Dam. No matter how far I go, it is never far enough. Somebody's already been there, done that, got it on disk and worse, has it ready to download. Now I see why you follow those lists; to stay current with our political progress into the long night.

But, do you think that not manipulating their homophobia as a rhetorical weapon moderates the effectiveness of their hysteria? Don't they appear more ridiculous and therefore less effective, the more vehement they become? So, then isn't it actually in the interest of tolerance to push them into ever more insane positions of intolerance?

I realize this is a twisted argument and might even be a little dangerous, since it could easily backfire.

For example, all these guys: Bush, Gore, Lott, Delay, etc are just dripping with masculine insecurities. On the other hand the logic is, the way to scare them is to probe and explore those insecurities.

These guys have some serious masculinity hang-ups. It isn't just a question of homophobia. Look at the way they construct issues around women and kids. What is the subtext in all their choreography? The paterfamilias of punishment, domination, control, and scorn. Or look at their policies toward other men, especially big, bad, black men. Again, it is all about control and domination, but through some instrumental advantage, like law, religious dogma, or gobs of money. They need instrumentality (a dick or a stick) for control since they have nothing to back them up but fear. Look at their popular base which is predominately suburban, white, middle class, middle aged men many of whom share every one of these insecurities.

I realize I have given Butler, Ehrenreit, and Faludi (as well as Kelley) a hard time on issues exactly like this, so I confess, there is no question they all made me think about masculinity and its political trappings. What was I really complaining about, that they didn't know men as well as they claimed?

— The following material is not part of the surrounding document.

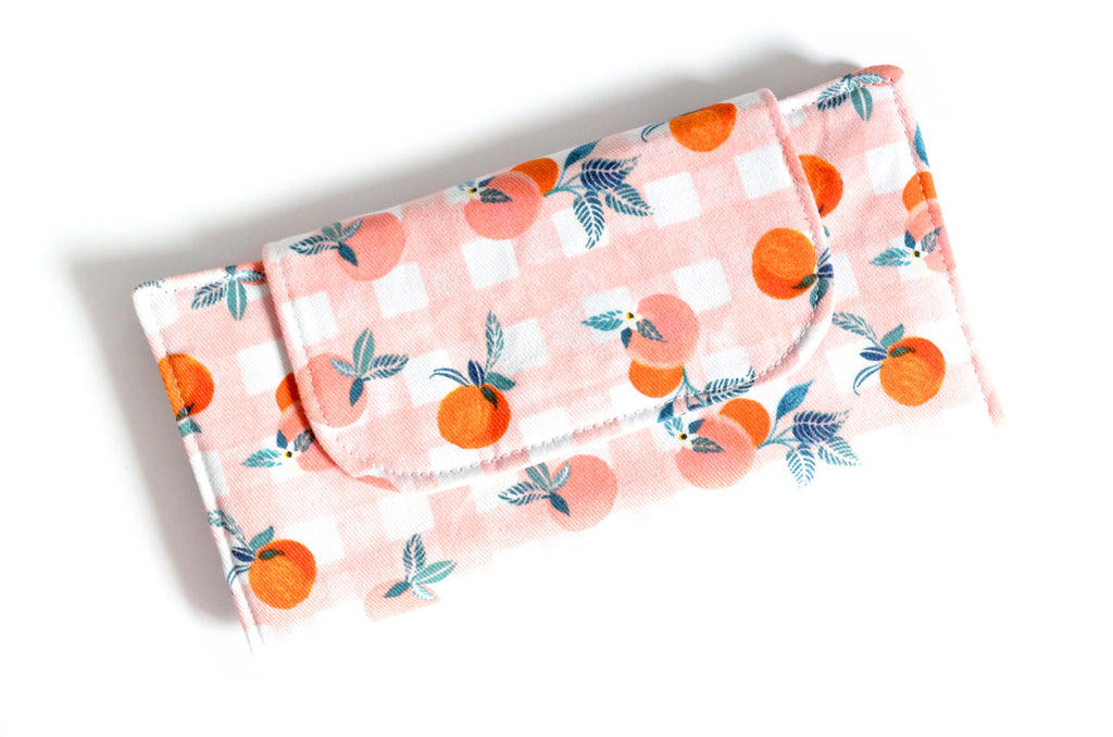 โ This wallet features a very fun peach-print canvas exterior, with a coordinating interior! Please note, exact fabric placement may vary from some of the photos shown.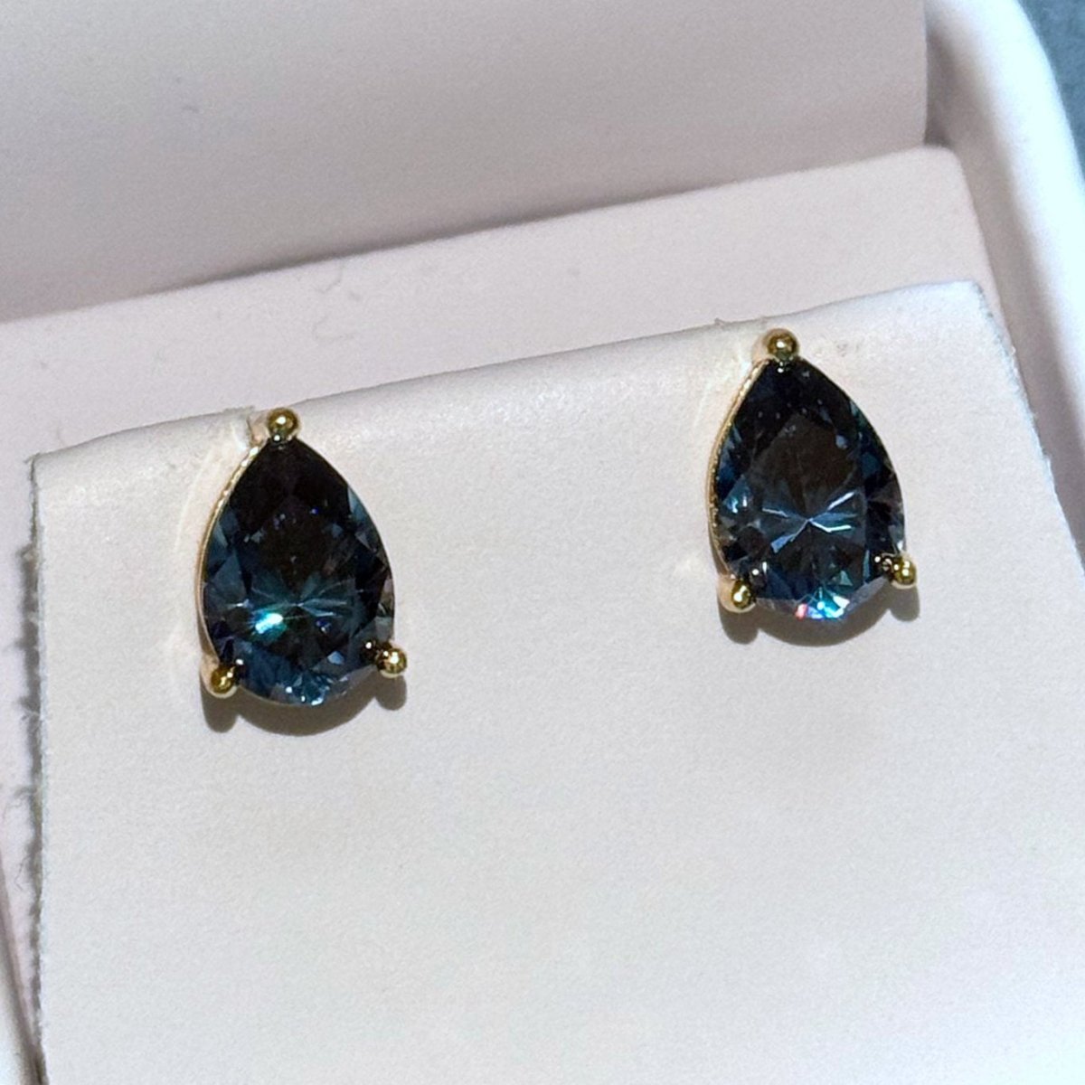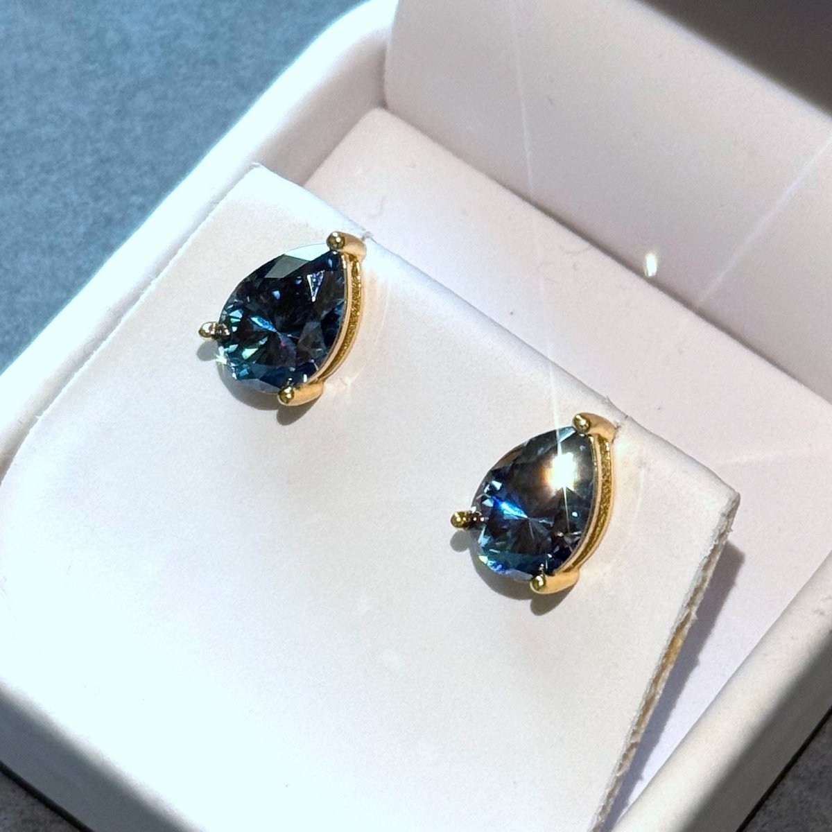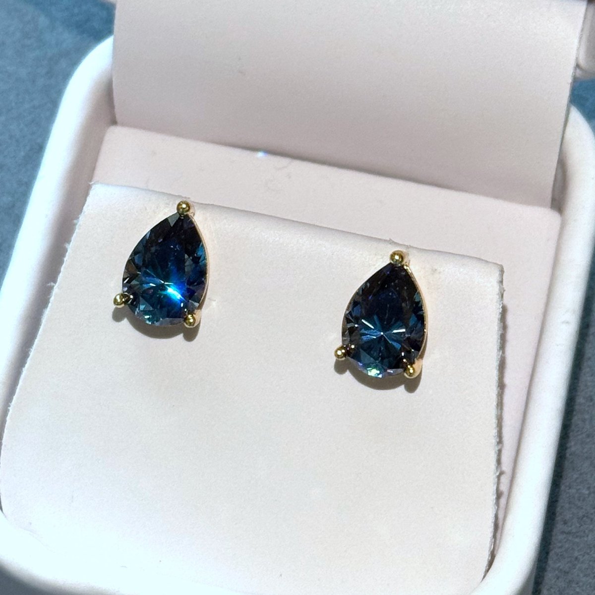 Certified Blue Pear Cut Moissanite Stud Earrings

Well, this isn't that good a job, either. But whatever the generalities, these particular men, meaning mostly Bush and the right, are vulnerable exactly because of their paternalism and exhibit that as fear, which defines their own masculinity which in turn is reflected in all of their obnoxious social policies---and in full circle back again to their agenda of racism, sexism and homophobia.

Chuck Grimes

It's late and I may regret this in the morning.